LA BARCA ECOLOGICA 2.0
All’ombra della Mole giovanissimi cervelli progettano e realizzano derive acrobatiche performanti in materiali sostenibili: sono gli skiff del Politecnico di Torino
Gli studenti del Politecnico di Torino hanno realizzato una barca con materiali ecologici
C’è un laboratorio, a 150 km dal mare e alle pendici delle Alpi, dove una settantina di giovani (l’età media è 22 anni) pensano, progettano e realizzano le derive del futuro: veloci, ultraleggere ed ecologiche.
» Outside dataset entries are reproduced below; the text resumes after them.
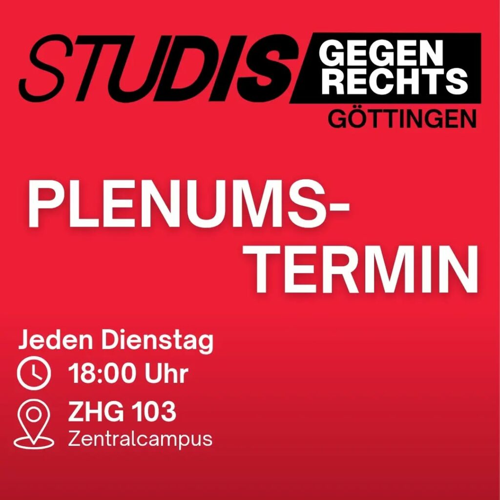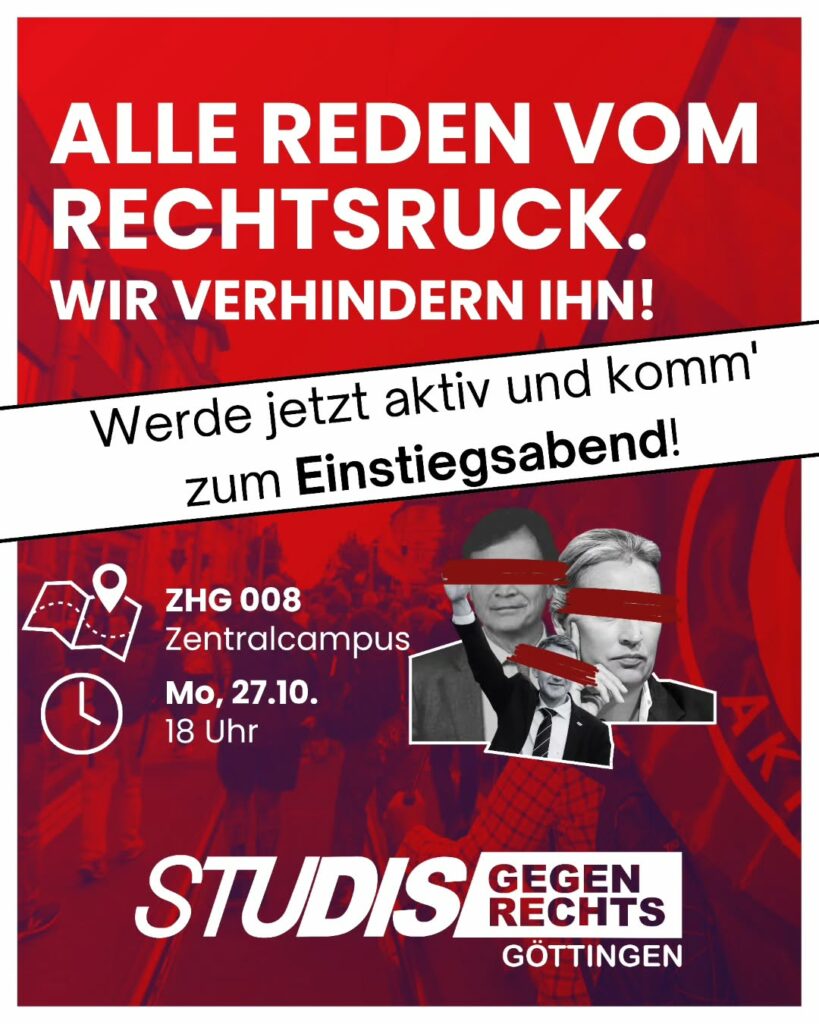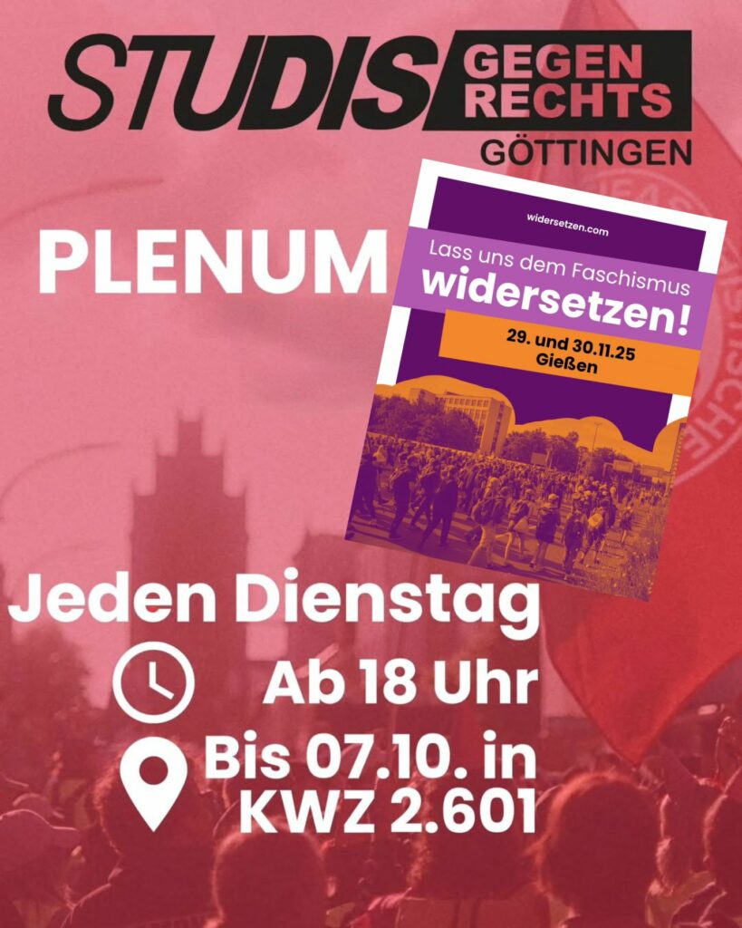 We want You for Studis Gegen Rechts! Gemeinsam mit hunderten Weiteren aus Göttingen wollen wir am 29.11. nach Gießen fahren
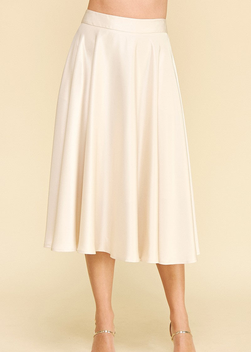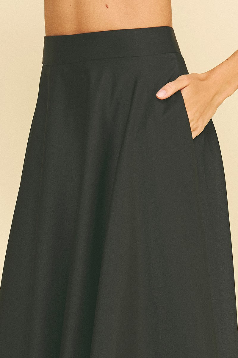 SILKY PLEATED MIDI SKIRT SIDE POCKETS ZIPPER AT BACK.
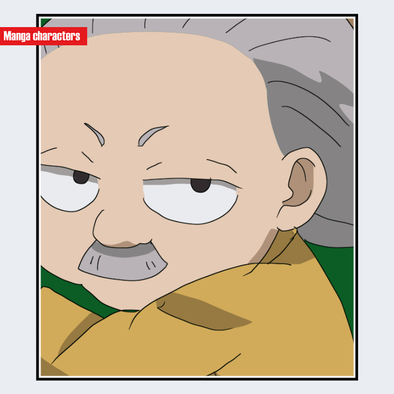 『銀魂』に登場する柳生敏木斎(やぎゅう びんぼくさい)は、広く後退した額と、頭頂部から左右へ流れる灰色の長髪が特徴である。眉は短く角度のある細線で描かれ、まぶたは半閉じで水平気味の造形となっている。鼻は丸みを帯びた小振りの形状で、口元には短い口ひげが明確な塗り分けで配置されている。頬から顎にかけての輪郭線は丸く、柔らかい外形を形成している。衣装は淡い黄色系の布地が見え、人型の“老年造形”に該当する構造である。
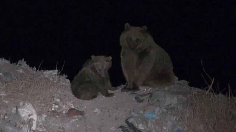 Erzurum’un Şenkaya ilçesinde yiyecek bulamayan boz ayılar, şehir çöplüğünde kameralara yansıdı.
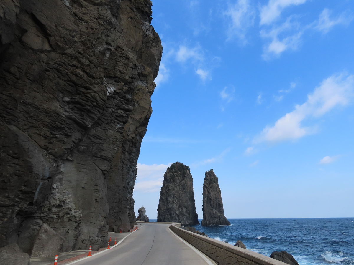 관음도를 빠져나와 삼선암 방향 도로를 따라 걷는다. 섬목에서 10여분이면 삼선암 바로 앞까지 갈 수 있다. 멀리서 보던 삼선암을 바로 앞에서 보니 그 풍경이 압도적이다. 멀리서는 삼선암, 세 선녀가 나란히 서 있는 듯 보였는데 가까이 와 보니 막내 선녀 바위만 뚝 떨어져 있다. 가혹하기도 하다.
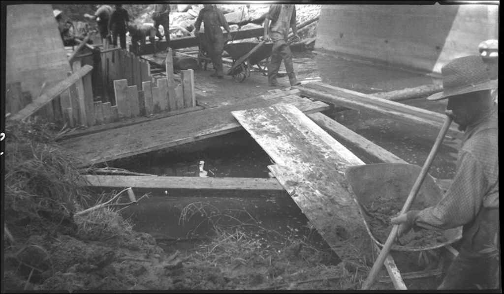 Caisson du pont à Sainte-Marguerite, 1942, Archives nationales à Québec, Fonds Ministère de la Culture et des Communications, (03Q,E6,S7,SS1,D2,P8461), J.C. Lucien Trempe.

Sono i ragazzi del Polito Sailing Team, il gruppo studentesco del Politecnico di Torino. “Tutto è iniziato nel 2014 per partecipare alla competizione universitaria 1001VelaCup, una regata dove si sfidano barche realizzate dagli studenti dei più importanti atenei internazionali”, ci ha raccontato Domenico Castellano, attuale teamleader del gruppo, al TAG Heuer VELAFestival, dove il Polito era presente con una delle sue barche, la deriva acrobatica Numen.
UNA BOX RULE “ECO” Lasciando da parte il lato puramente agonistico, la 1001VelaCup è interessante perché prevede una “box rule” particolare: “Le barche devono essere skiff, ovvero derive plananti, ultraleggere e dotate di terrazze e rispettare il regolamento di classe R3: possono essere lunghe un massimo di 4,60 metri, con larghezza fuori tutto di 2,10, terrazze comprese. C’è massima libertà per quanto riguarda la configurazione dell’armo e l’altezza dell’albero, basta che la superficie velica non superi i 33 metri quadri distribuiti tra fiocco, randa e gennaker”. Ma il fattore che più ci ha incuriosito è la componente eco: “I vincoli imposti dalla competizione, richiedono l’utilizzo per il 70% del peso della barca di materiali naturali, oppure il 75% se si utilizzano materiali riciclabili e bio”.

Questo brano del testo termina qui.